- Exercise prompt -
Data follows below. Repeat exactly the lines between the line holding "近日,证监会官网披露,江苏爱" and the line holding "Merino Wool Button-Down", inclusive, and nothing more; drop pictures.

- Data -
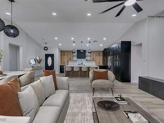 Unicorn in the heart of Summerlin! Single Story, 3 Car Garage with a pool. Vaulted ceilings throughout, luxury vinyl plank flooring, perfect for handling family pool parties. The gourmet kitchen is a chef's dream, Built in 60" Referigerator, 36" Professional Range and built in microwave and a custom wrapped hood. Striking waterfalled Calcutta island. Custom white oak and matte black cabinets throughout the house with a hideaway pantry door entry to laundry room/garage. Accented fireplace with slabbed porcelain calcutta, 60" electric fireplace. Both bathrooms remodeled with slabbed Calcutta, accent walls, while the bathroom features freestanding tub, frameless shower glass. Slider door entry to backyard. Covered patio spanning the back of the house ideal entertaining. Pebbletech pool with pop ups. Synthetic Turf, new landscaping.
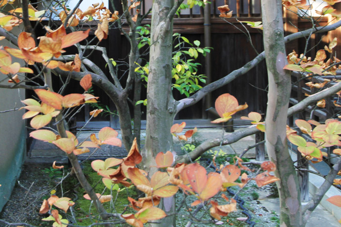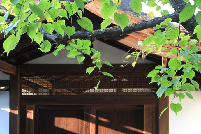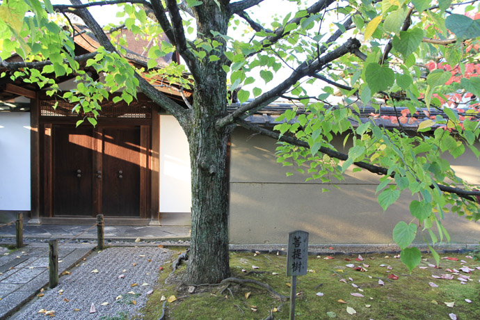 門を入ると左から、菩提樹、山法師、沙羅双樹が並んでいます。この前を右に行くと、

* * *

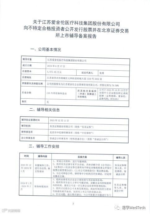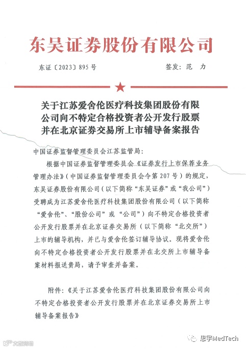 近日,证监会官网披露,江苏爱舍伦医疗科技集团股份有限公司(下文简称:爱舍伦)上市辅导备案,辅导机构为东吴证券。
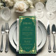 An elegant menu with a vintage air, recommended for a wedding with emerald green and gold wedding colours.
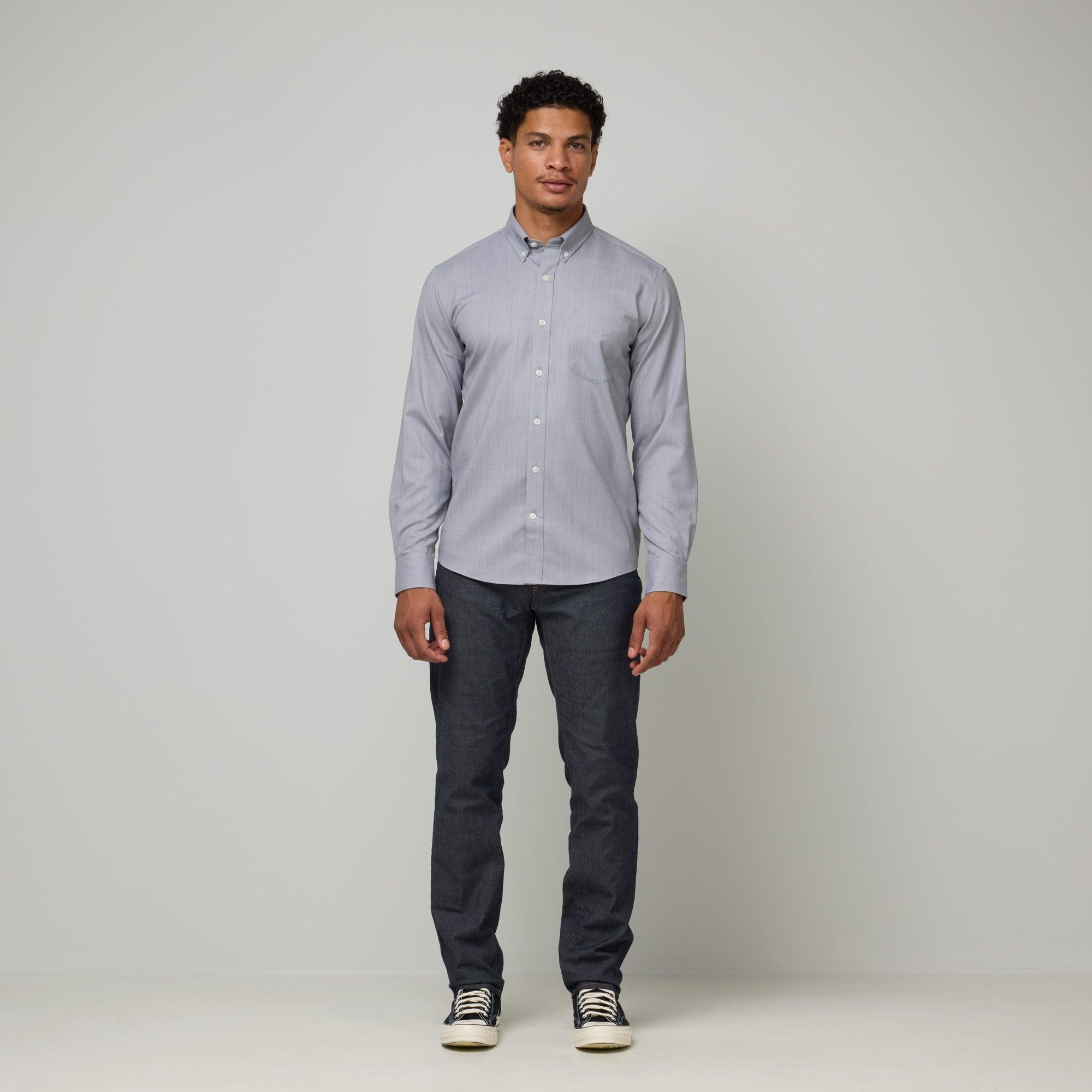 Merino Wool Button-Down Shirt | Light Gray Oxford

- Response to this task -
 近日,证监会官网披露,江苏爱舍伦医疗科技集团股份有限公司(下文简称:爱舍伦)上市辅导备案,辅导机构为东吴证券。
 An elegant menu with a vintage air, recommended for a wedding with emerald green and gold wedding colours.
 Merino Wool Button-Down Shirt | Light Gray Oxford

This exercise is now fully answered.